I want to tell you all these things. I want to tell you that I don’t know how I lived a day of my life without you, and I am terrified of living another day without you. If I could live for a hundred years, I would want to see you every day and it would still not be enough to make me tire of you. 

I want to tell you how beautiful you are to me. I want to tell you that every day you mystify me by becoming more and more beautiful than I remembered you were the day before and I don’t know how this is possible. 

I want to tell you I imagine us growing old together, eating breakfast and chatting about how we will drive out into the country later in the day. Perhaps we will travel to places together that we have never, ever been or even dreamed of going. I want to tell you how silly I know my dreams are and how foolish I feel for having them, but they feel important and dear and precious because at times they are all I have of you. 

I want to tell you how when I hear music, it fills me with a keen sense of connection to you, almost as though you possess me. I close my eyes and it is like you move through me. 

I want to feel your cheek pressed against mine, to feel the luxurious sweetness of your skin. I would whisper “Are you scared?” and you would reply, “No. Not at all. Not in the slightest,” because what we share would make us real and brave and strong. 
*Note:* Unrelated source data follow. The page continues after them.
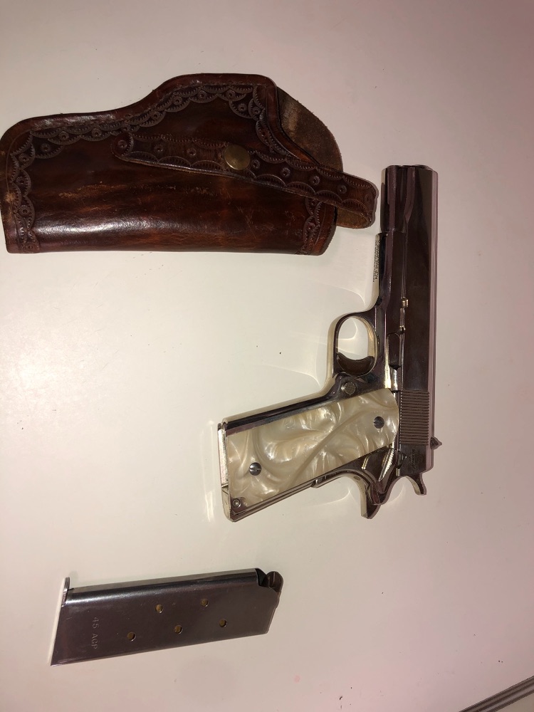 Comes with mother of pearl grips. leather holster, original box, and whatever ammunition I have.
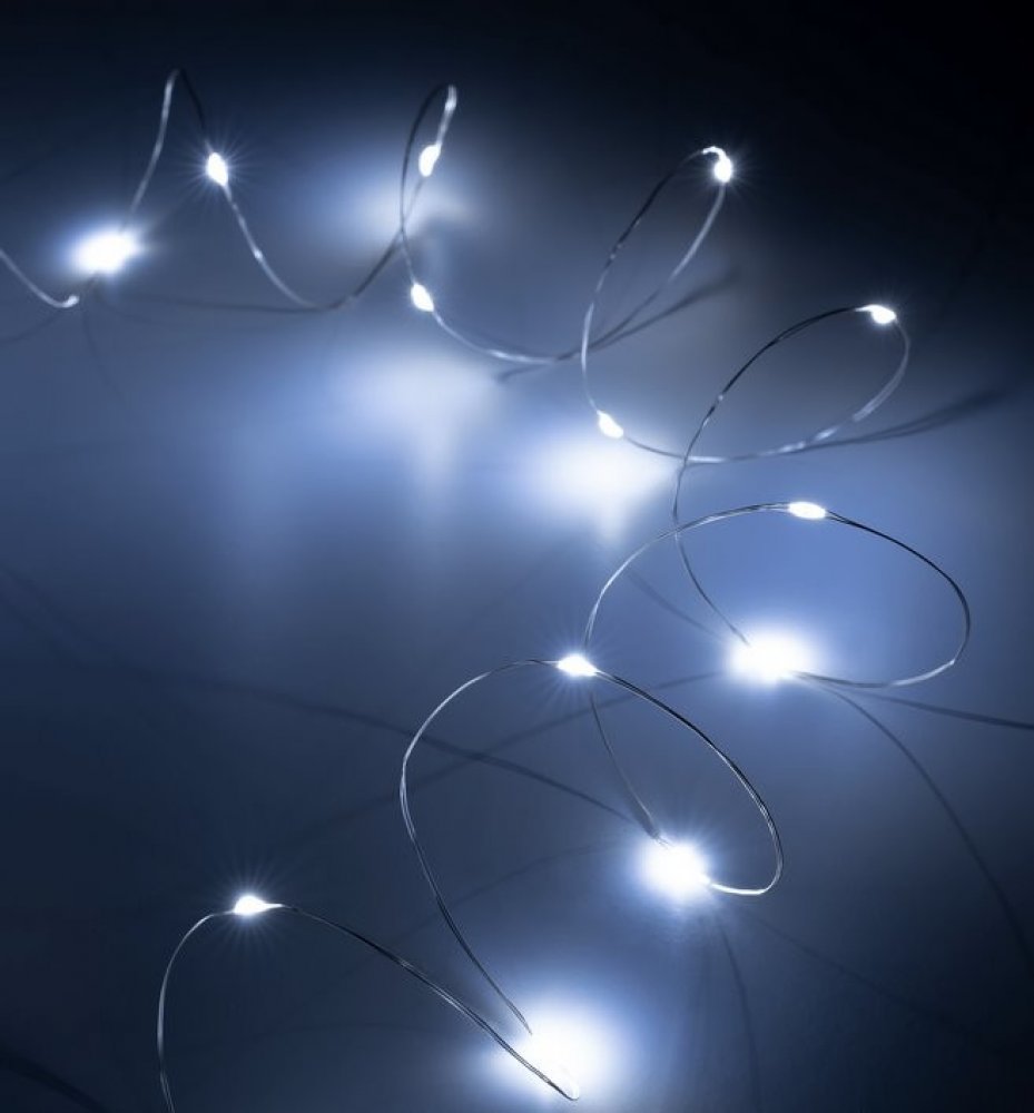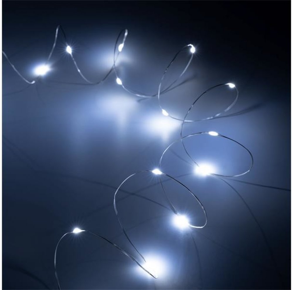 20 mini LED drátových světel Drátěné lampy ze série Rebel Lights jsou nejen praktickým světelným zdrojem, ale také stylovým dekorativním prvkem. Sada se skládá z 20 mini LED, které vytvářejí krásné a jemné světlo. 1,2 metru dlouhá šňůra s diodami umístěnými každých 10 cm zajišťuje rovnoměrné a efektivní rozložení světla. Ideální pro každou příležitost LED lampy na drátě Rebel vyzařují konstantní studené bílé světlo. Tento jemný světelný efekt vytváří kouzelnou atmosféru. Z tohoto důvodu bude miniLED struna perfektní pro různé příležitosti. Uplatní se na vánoční výzdobu, při rodinných oslavác
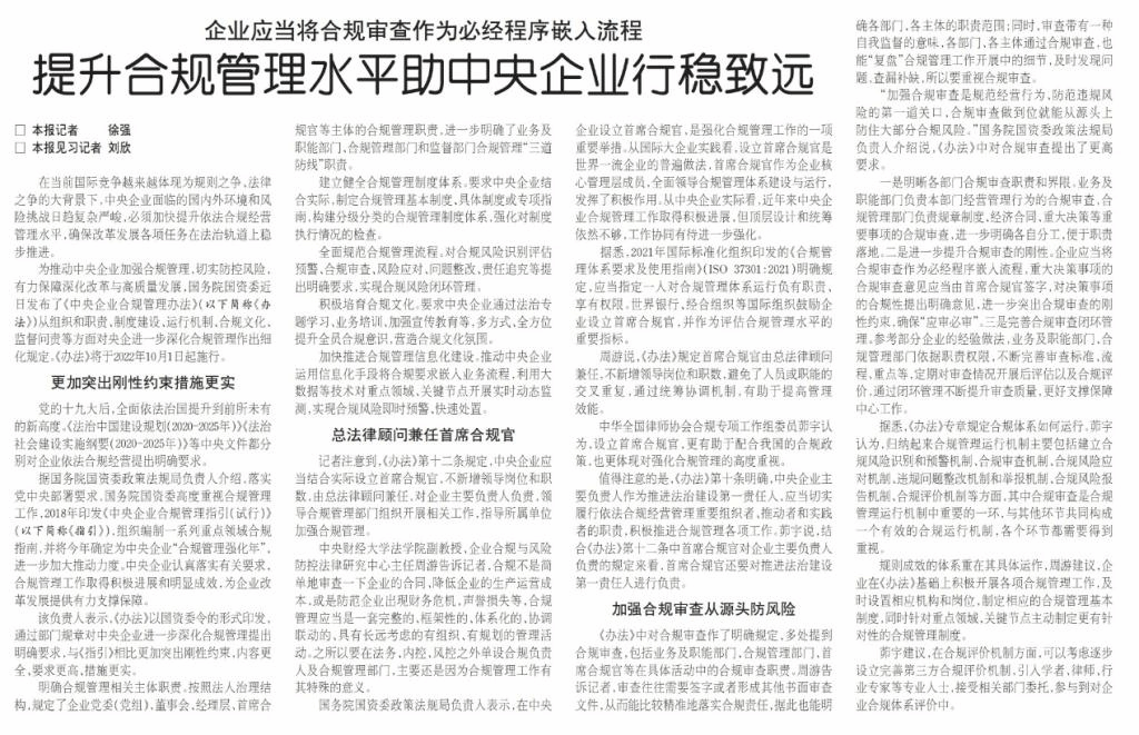提升合规管理水平助中央企业行稳致远

I want to tell you all these things, but mostly I want to tell you that you are my Love and I love you and I will never stop. I do not know how this is possible, but I do know it is true. You exist in me like a star and even if you left me or died or never wanted to know me again, your light would take a million years to fade. 
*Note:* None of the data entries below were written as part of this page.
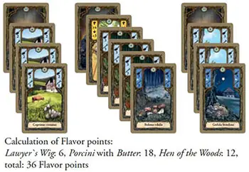 Now count the Flavor points of all the mushrooms you managed to cook. In the boxes on the upper left and right of each card right below the little pan symbol you can see exactly how many Flavor points you will get for each cooked mushroom.
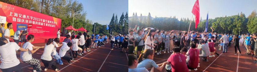 10月1日,在庆祝中华人民共和国成立73周年之际,上海交通大学2022年新生体育文化节开幕式暨国庆缤纷体育周新生班级运动会在闵行校区南区体育场顺利举行。校党委副书记、副校长王伟明,学指委秘书长、学生处处长方曦,体育系党总支书记龚强、常务副系主任王坤等领导出席活动,为拔河比赛鸣笛,与来个各个院系的2022级新生一起,以昂扬的运动姿态,为祖国母亲73周年生日庆生。
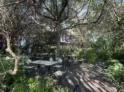 🌳: There are no air-conditioned seats in the shop. They are outdoors under the house and in the garden.
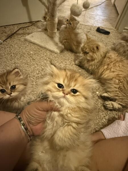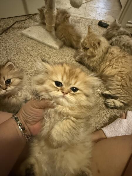 We have Silvers, Goldens, Blue Goldens, Golden points, Silver Chinchillas points and Blue Golden Points.
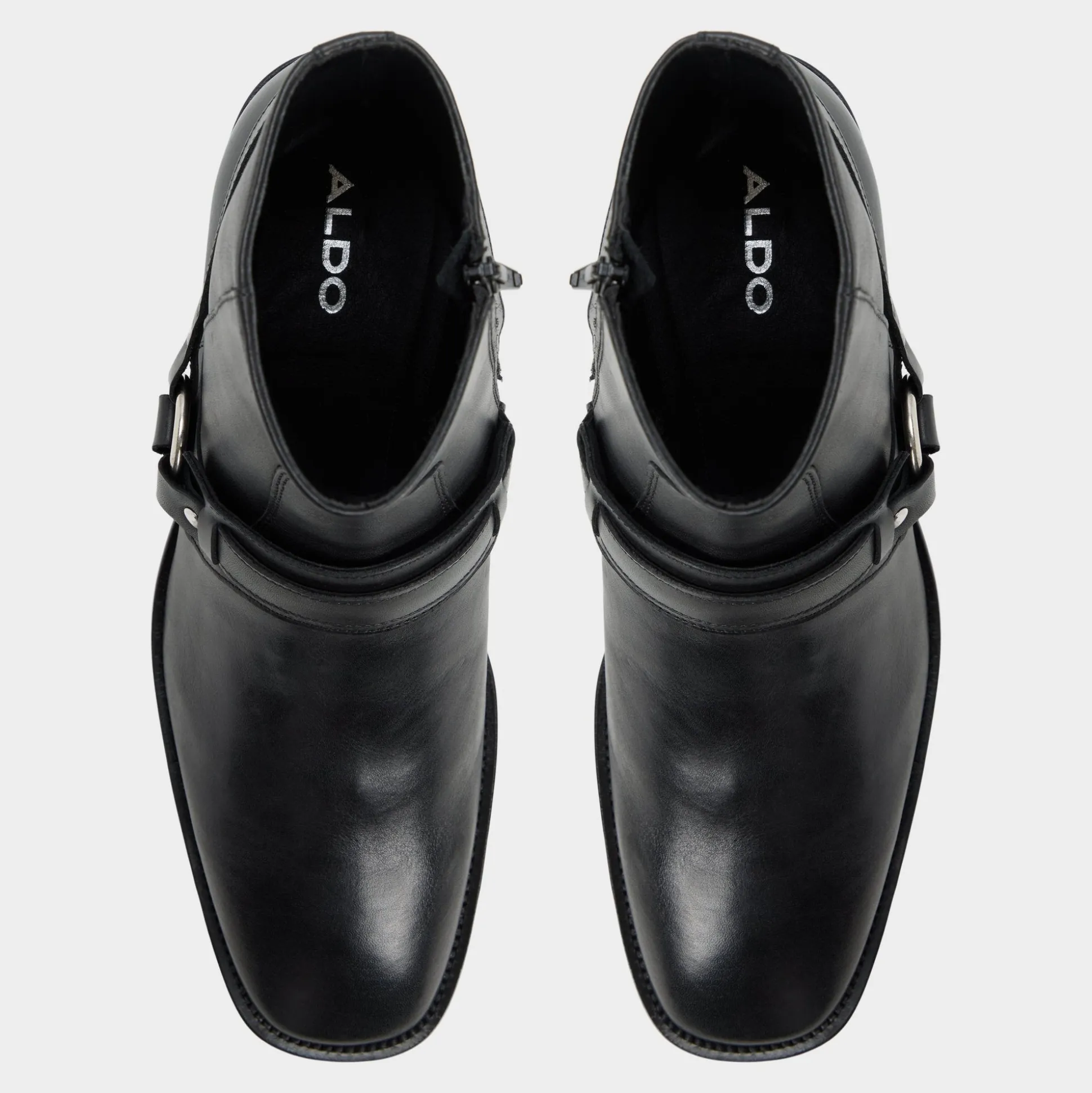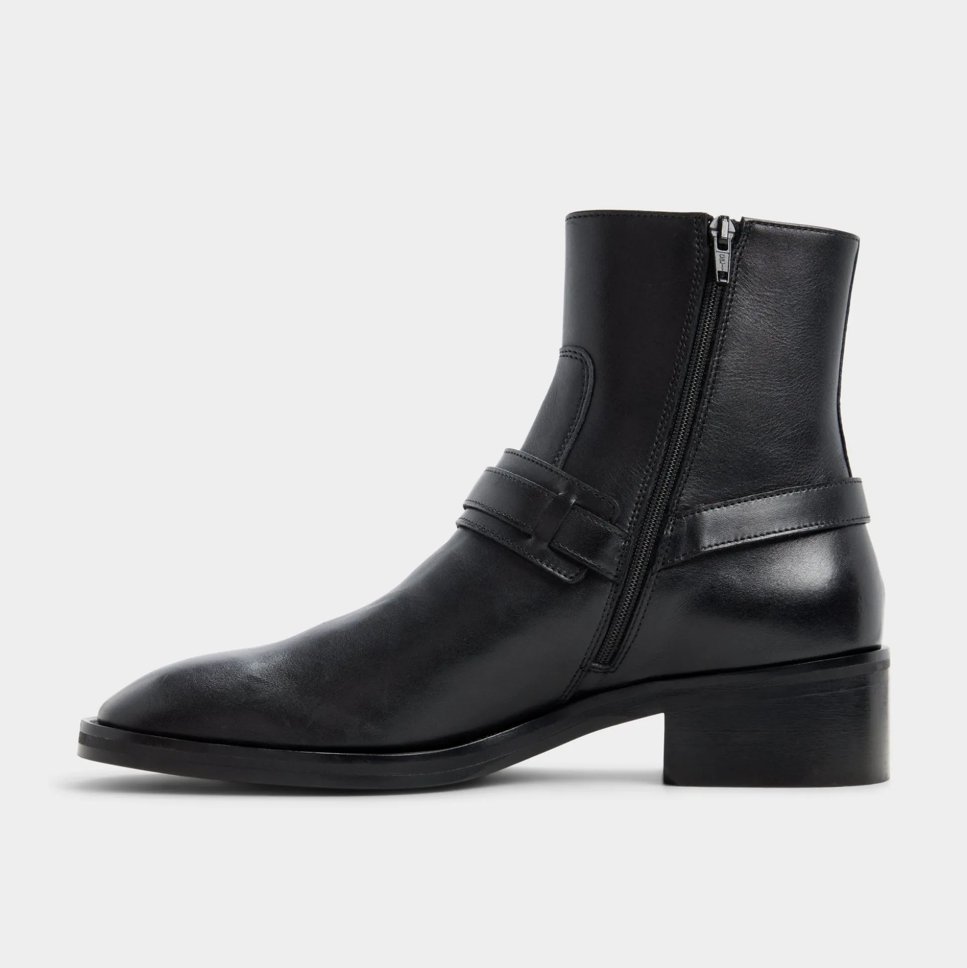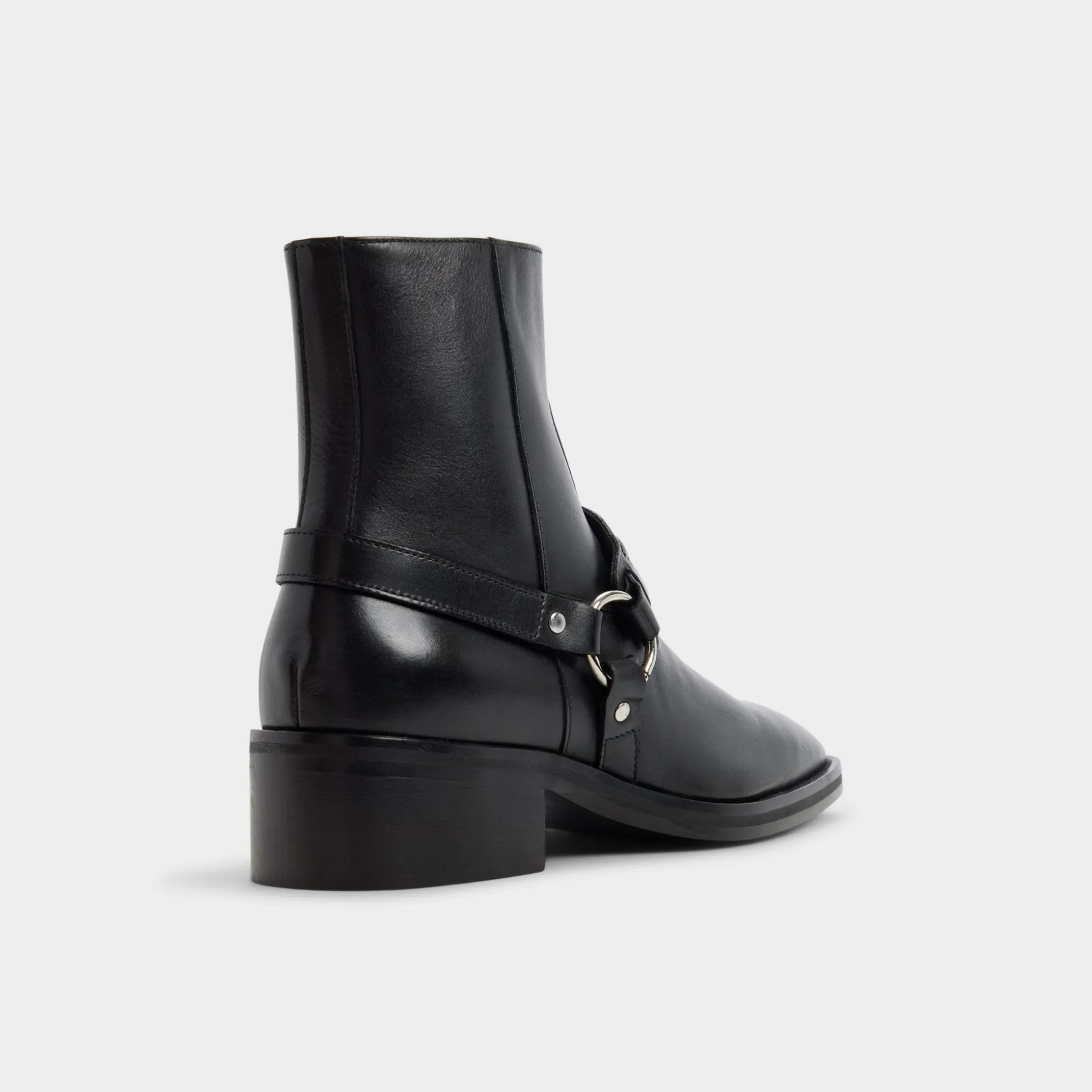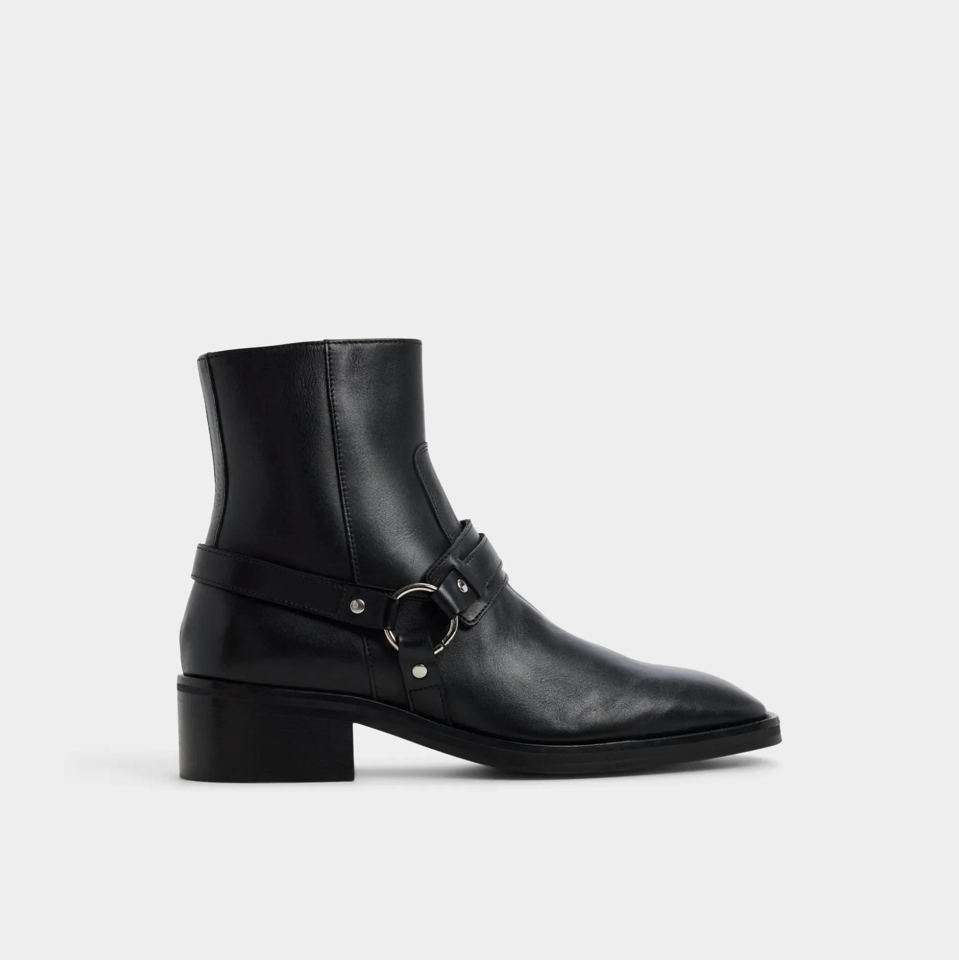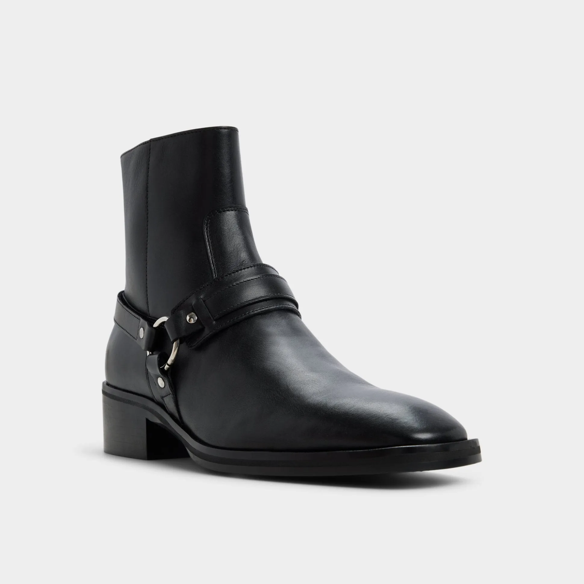 Black leather rides high on attitude thanks to a harness-style strap cinched by a ring, while side zip and block heel keep the ankle boot easy on the go. Anchor slim black denim for gigs or sharpen a charcoal suit at work-its confident edge never blinks.

So although I tuck these words between the pages of a book, and you will likely never hear or read them, they exist, and I am faithfully and forever yours, 

T.


	10. Hands on the Wheel

**Summary for the Chapter:**

> Just a little glimpse of a moment. . .

**Notes for the Chapter:**

> Sorry I've been away for so long... You know how life is. And I'm sorry this is so short, but I wanted to post something just to get back into the flow of things. Your comments are sooooooo motivating, so thank you ever so much my darlings, and keep them coming! Hopefully more chapters, and longer ones will come soon. xoxoxo.

Therese was getting the hang of driving. It wasn’t even so hard. Not really. Carol had been a relaxed and thorough instructor, and Therese an apt student. 

Carol seemed utterly at ease on the passenger side of the roomy vehicle. Therese drove down the long stretch of highway. She picked up speed. She remembered the first time she’d been in the car with Carol and they had driven through the Lincoln tunnel. She’d had a vision of them dying in a car wreck, together, their bodies flung and broken on top of one another. It was the most peaceful she’d ever felt, at the time, imagining that, their bodies being brought out together, and laid side by side, almost touching on the pavement. 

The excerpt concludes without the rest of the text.